Anyway, despite his marriage to a non-European his career continued to prosper and he eventually got the opportunity to be acting headmaster while the headmaster was overseas on leave.
At this point everything goes wrong in the most dramatic way possible. While he is out one evening, his wife has a visitor, a rubber planter. Ethel shoots the rubber planter, and as he staggers, bleeding, onto the verandah, she continues to empty Proudlock’s revolver into him.
Ethel later claims that her visitor tried to rape her and she shot him in self defence.

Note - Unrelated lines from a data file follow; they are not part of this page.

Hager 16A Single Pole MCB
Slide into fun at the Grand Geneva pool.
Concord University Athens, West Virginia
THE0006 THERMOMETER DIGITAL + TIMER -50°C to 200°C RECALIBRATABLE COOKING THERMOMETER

However, she goes on trial for murder. It’s claimed that her visitor was in fact her lover, and she killed him in a fit of passion on being told that he was abandoning her for another woman. It’s also been claimed that a European was seen swimming fully clothed in the Klang river behind the house at this time, and it’s been suggested that this man was another of Ethel’s lovers.
Maybe he was, maybe he wasn’t. Maybe the Malay watchman who spotted him was confused as to the time, or maybe the man in question was visiting another house for some purpose, heard the disturbance, and had reason to make himself scarce.

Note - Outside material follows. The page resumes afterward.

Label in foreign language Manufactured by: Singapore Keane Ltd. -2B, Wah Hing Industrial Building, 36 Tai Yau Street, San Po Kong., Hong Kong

Ethel is arrested, tried and sentenced to death. There is a massive outcry about the injustice of this and eventually her sentence is commuted by the Sultan of Selangor.

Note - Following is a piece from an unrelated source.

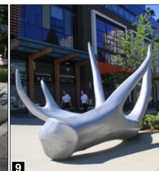
Dolphins in Unison. ERIC VANDERZEE. This metal sculpture was installed in 1989 for the opening of the Eaton Centre, now Metropolis at Metrotown.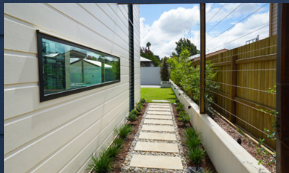
Stria 255mm Splayed Profile

Ethel and Proudlock promptly leave the colony – Proudlock’s career is in ruins and Ethel, wel people will talk you konw.
Ethel eventually moves to Florida. Proudlock eventually turns up teaching at a British public school in Argentina, without Ethel. They appear to have kept in contact, but have led separate lives after the Malaya incident.
It looks like a another tale of illicit sex passion and murder in the colonies – and hardly unique – for example there was an equally celebrated case in Happy Valley in colonial Kenya, and an example of what can happen when a community is isolated and closed in on itself.
Besides wikipedia, the Victoria Institute website also has a good account with some extra information on Proudlock and Ethel after they moved on from KL.
There’s also an obvious resonance with Orwell’s Burmese Days with its obsession with status and undertones of racism..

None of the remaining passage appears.